Repeat every entry word for word. Images do not belong in the copy.

***** Exercise data *****

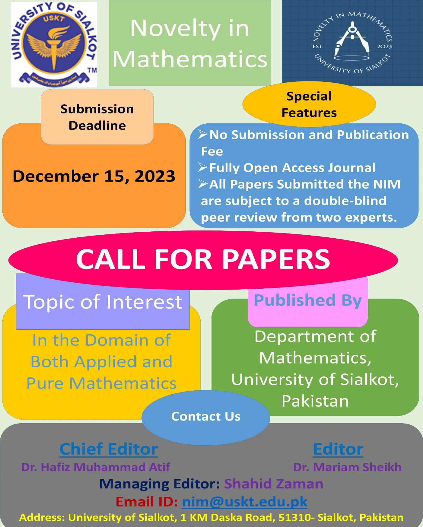 - Introduction: Novelty in Mathematics (NIM) is a peer-reviewed journal that provides an advanced forum for studies related to mathematics supervised by the University of Sialkot, Punjab, Pakistan. NIM publishes articles with novel applications of more familiar mathematical techniques and analyses of real problems, indicating the need for new mathematical approaches.
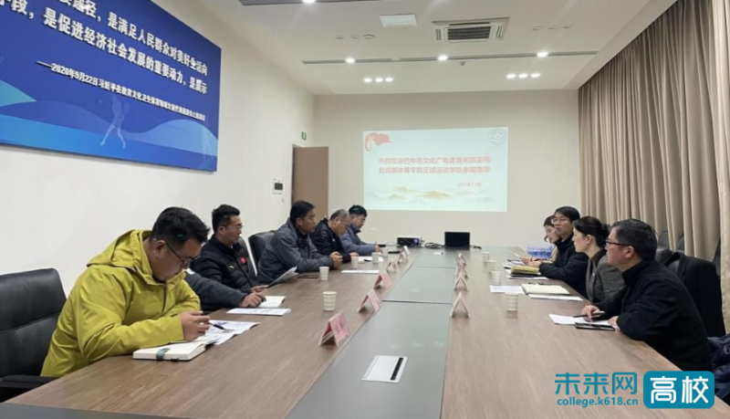 12月9日,巴中市文化广电体育和旅游局党组书记、局长张杰,副局长陈明,人事科科长夏晓槐,市业余体校副校长刘统兵等一行前往成都体育学院足球运动学院开展专题调研。学校党委常委、组织部部长郑宇,教务处处长李明达,足球运动学院院长李畔,副院长李增民以及相关科室负责人参与了交流座谈。
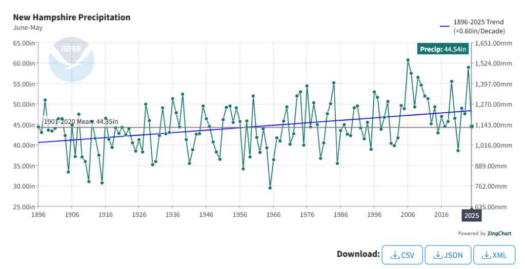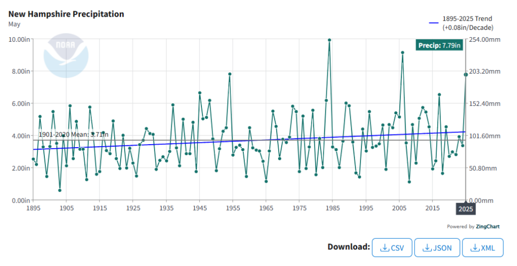 May 2025 was the fourth wettest on record for New Hampshire—nearly 8 inches of rainfall, well above the 120-year mean and the trend.
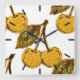 Golden Metallic Cherries Pattern Fyrkantig Klocka
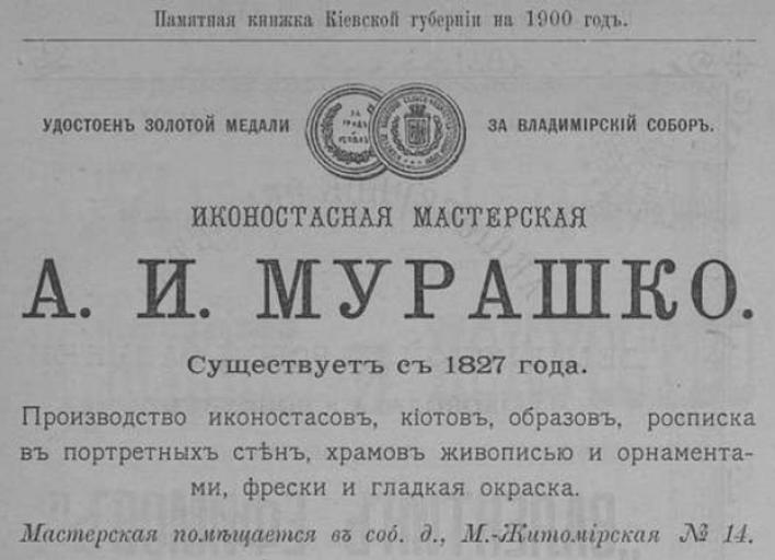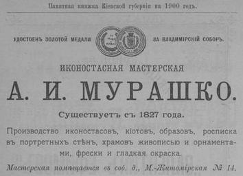 Keywords: Murashko Oleksandr Ivanovych, advertising studio, 1900.jpg en Murashko Oleksandr Ivanovych advertise iconostasis workshop 1900 uk Реклама іконостасної майсте ні у ашка Олександ а Івановича 1900 ік 2013-07-12 22 06 32 http //oldbooks ax3 net/BookLibrary/16001-Pam -knizhki-Kievskoy-gub/1899 -Pamyatnaya-knizhka-Kievskoy-gubernii-na-1900-god -18-y-god html Памятная книжка Киевской губе нии на 1900 год Київський Губе нський статистичний комітет Custom license marker 2013 07 12 PD-old Uploaded with UploadWizard Oleksandr Murashko |
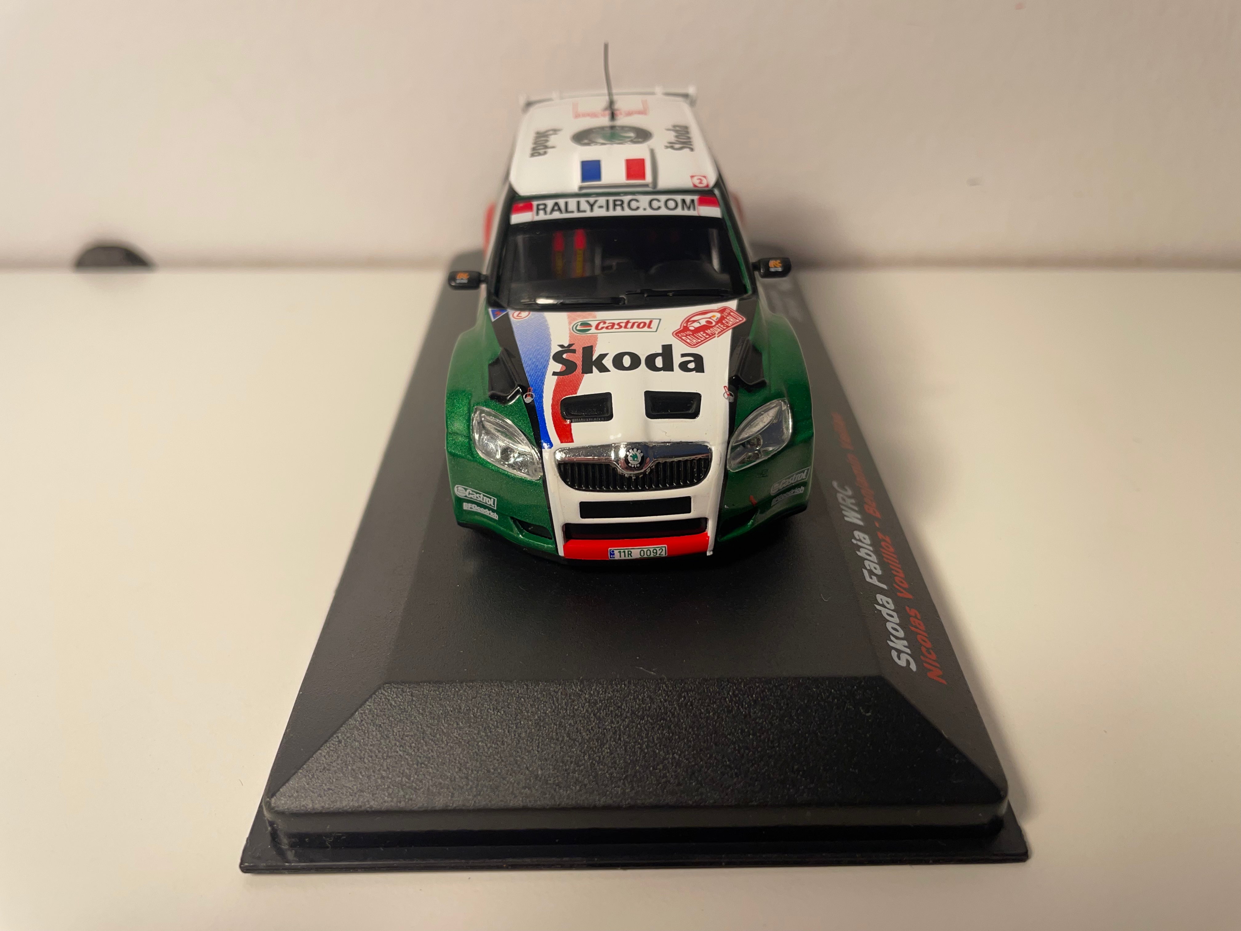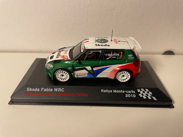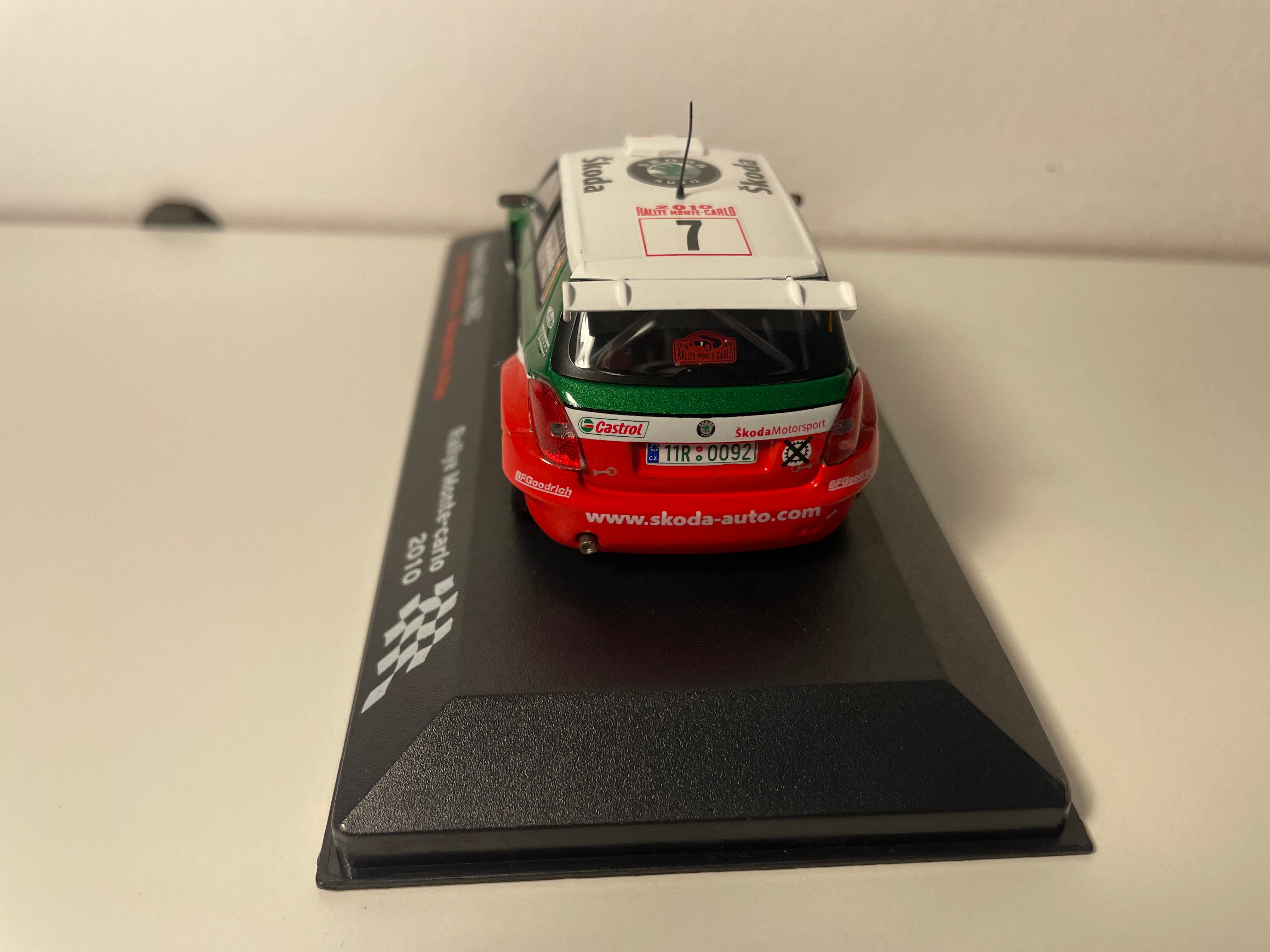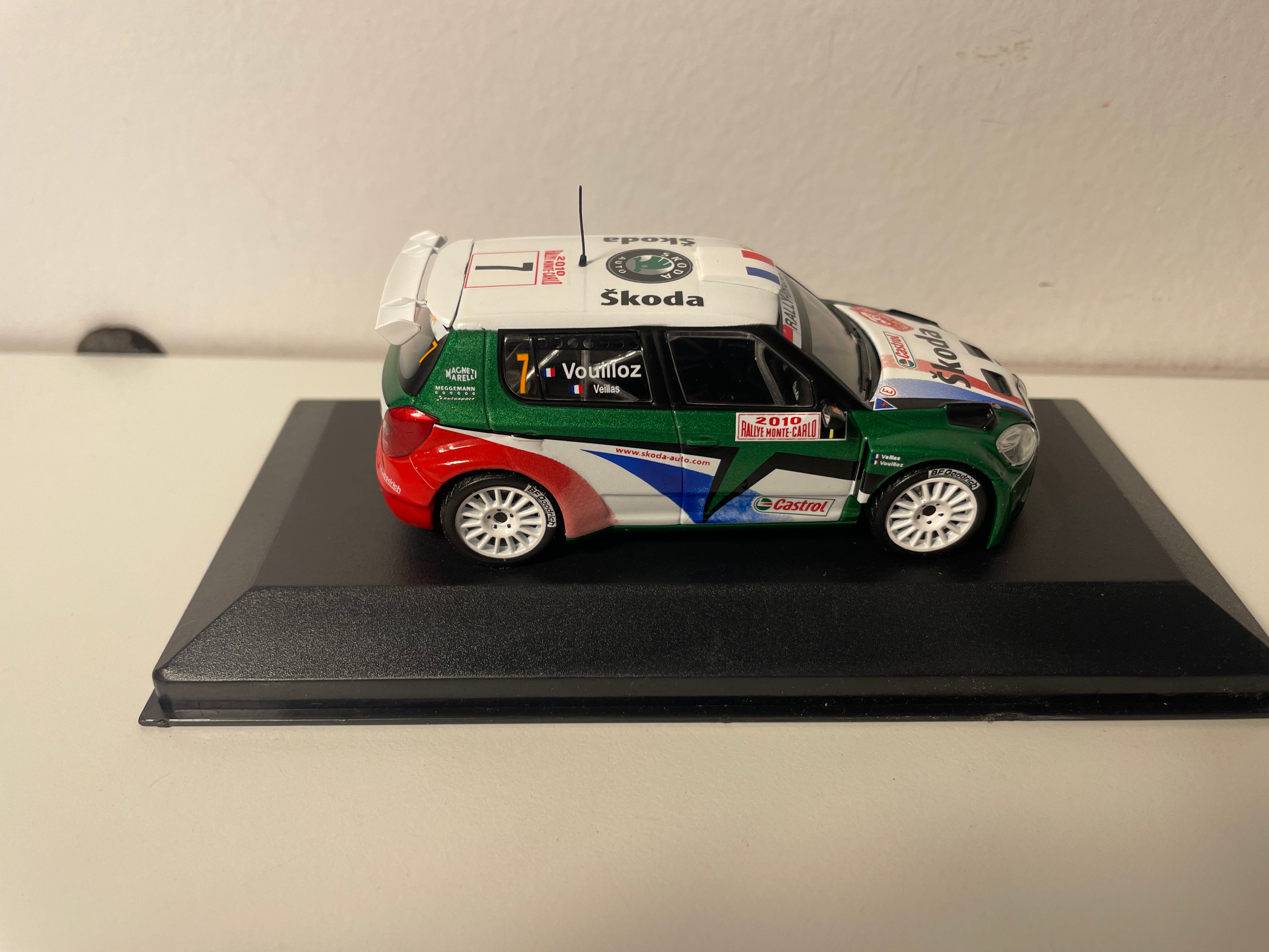 Voiture Miniature Skoda Fabia WRC blanche, verte, rouge et bleue numéro 7 - Rallye Monté-Carlo 2010
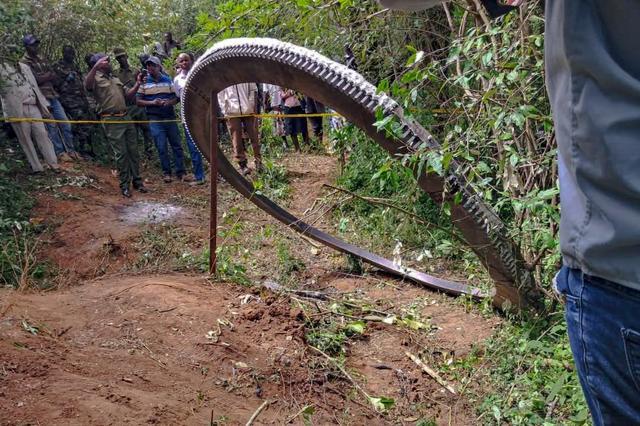 去年,肯尼亚马瓜尼县一枚重达近 500 公斤的金属环从空中落下。图片来源:Anadolu/Getty
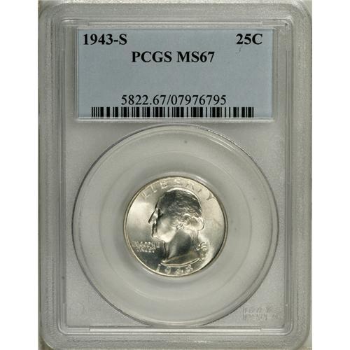 1943-S 25C MS67 PCGS. Booming luster sweeps this smoot
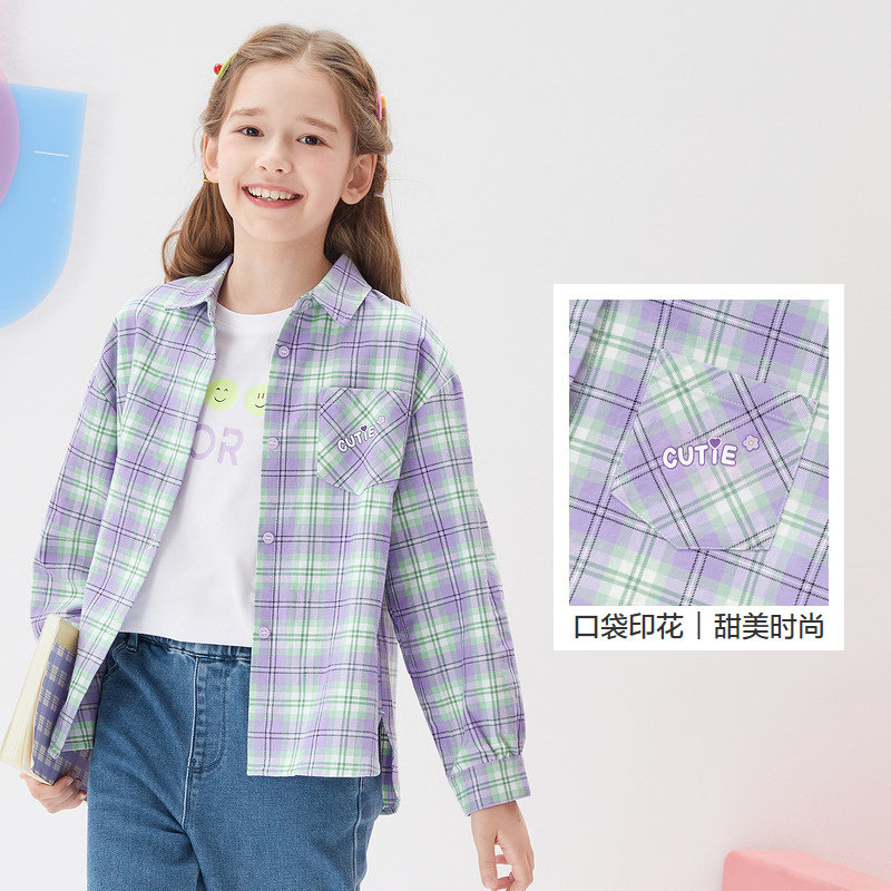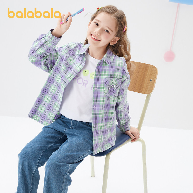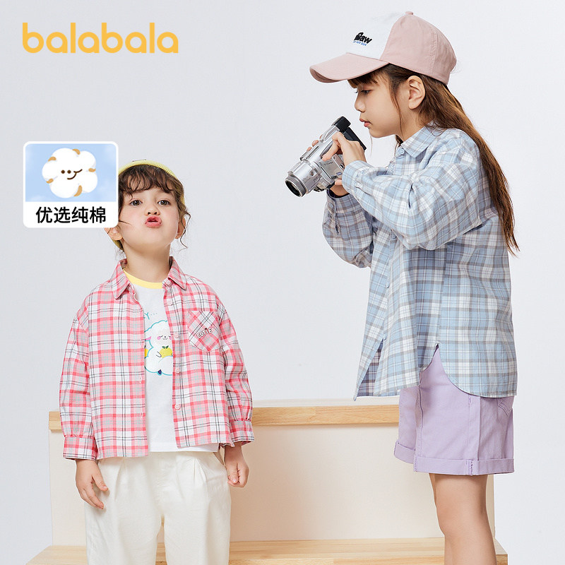 Bala Bala Girl Child Long Sleeve Shirt Autumn Clothing Baby Big Boy Plaid Printed Fashion Sweet Meme Tide Lining-Taobao

*****

Solution to this task
 - Introduction: Novelty in Mathematics (NIM) is a peer-reviewed journal that provides an advanced forum for studies related to mathematics supervised by the University of Sialkot, Punjab, Pakistan. NIM publishes articles with novel applications of more familiar mathematical techniques and analyses of real problems, indicating the need for new mathematical approaches.
 12月9日,巴中市文化广电体育和旅游局党组书记、局长张杰,副局长陈明,人事科科长夏晓槐,市业余体校副校长刘统兵等一行前往成都体育学院足球运动学院开展专题调研。学校党委常委、组织部部长郑宇,教务处处长李明达,足球运动学院院长李畔,副院长李增民以及相关科室负责人参与了交流座谈。
 May 2025 was the fourth wettest on record for New Hampshire—nearly 8 inches of rainfall, well above the 120-year mean and the trend.
 Golden Metallic Cherries Pattern Fyrkantig Klocka
 Keywords: Murashko Oleksandr Ivanovych, advertising studio, 1900.jpg en Murashko Oleksandr Ivanovych advertise iconostasis workshop 1900 uk Реклама іконостасної майсте ні у ашка Олександ а Івановича 1900 ік 2013-07-12 22 06 32 http //oldbooks ax3 net/BookLibrary/16001-Pam -knizhki-Kievskoy-gub/1899 -Pamyatnaya-knizhka-Kievskoy-gubernii-na-1900-god -18-y-god html Памятная книжка Киевской губе нии на 1900 год Київський Губе нський статистичний комітет Custom license marker 2013 07 12 PD-old Uploaded with UploadWizard Oleksandr Murashko |
 Voiture Miniature Skoda Fabia WRC blanche, verte, rouge et bleue numéro 7 - Rallye Monté-Carlo 2010
 去年,肯尼亚马瓜尼县一枚重达近 500 公斤的金属环从空中落下。图片来源:Anadolu/Getty
 1943-S 25C MS67 PCGS. Booming luster sweeps this smoot
 Bala Bala Girl Child Long Sleeve Shirt Autumn Clothing Baby Big Boy Plaid Printed Fashion Sweet Meme Tide Lining-Taobao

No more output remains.